In a study of nearly 1,000 U.S. patients, the average time from the first doctor’s evaluation to a formal diagnosis was about 14 weeks, roughly three and a half months. That timeline varied by stage: patients eventually diagnosed with mild cognitive impairment due to Alzheimer’s waited about 12 weeks, while those with severe dementia were diagnosed in about 5 weeks, likely because advanced symptoms are easier to identify.

Perhaps more striking, the average time from when symptoms first appeared to when patients even had their first evaluation was over 31 weeks, about 7 months. The full journey from noticing something is wrong to getting a name for it often takes close to a year.

How to Prepare for Your Appointment

Whether you’re going for yourself or accompanying someone with memory concerns, preparation makes the evaluation more productive. Bring a written timeline of when you first noticed changes and how they’ve progressed.
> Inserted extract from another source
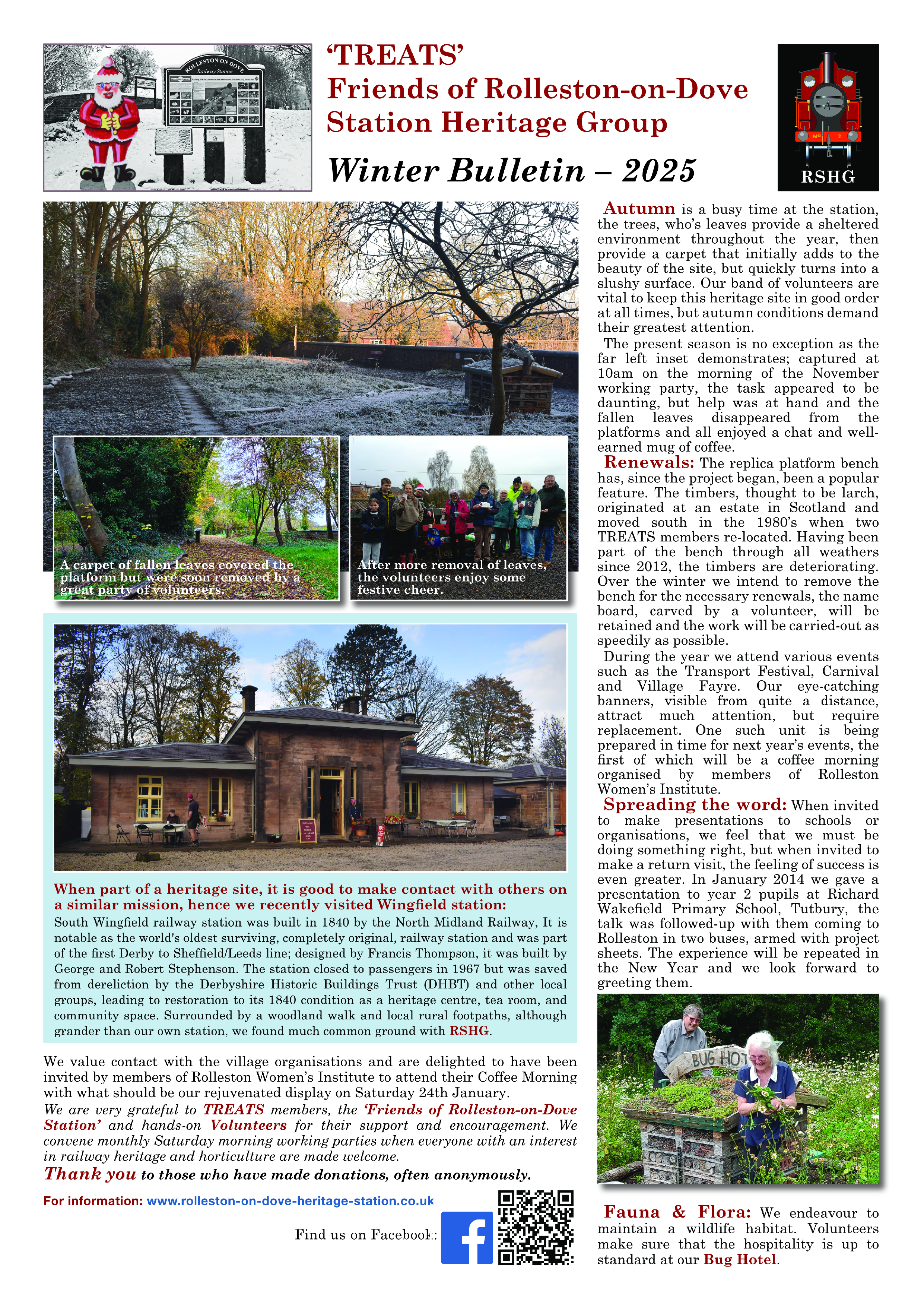 Rolleston-on-Dove Station Heritage Group (RSHG) is a volunteer organisation under the umbrella of The Rolleston Engineering and Transport Society (TREATS). The mission is to maintain the surviving railway artifacts as well as the fauna and flora.

Note specific examples: missed appointments, repeated questions, getting lost in familiar places, difficulty managing finances, or personality shifts. A list of all current medications, including supplements, is essential since some drugs can affect cognition.

If you’re a family member or caregiver accompanying the patient, your observations may be the most valuable part of the visit. You see changes the patient may not recognize or remember. Be honest and specific about what you’ve noticed, even if it feels uncomfortable to discuss in front of your loved one. Doctors rely heavily on this outside perspective to distinguish normal aging from something more concerning.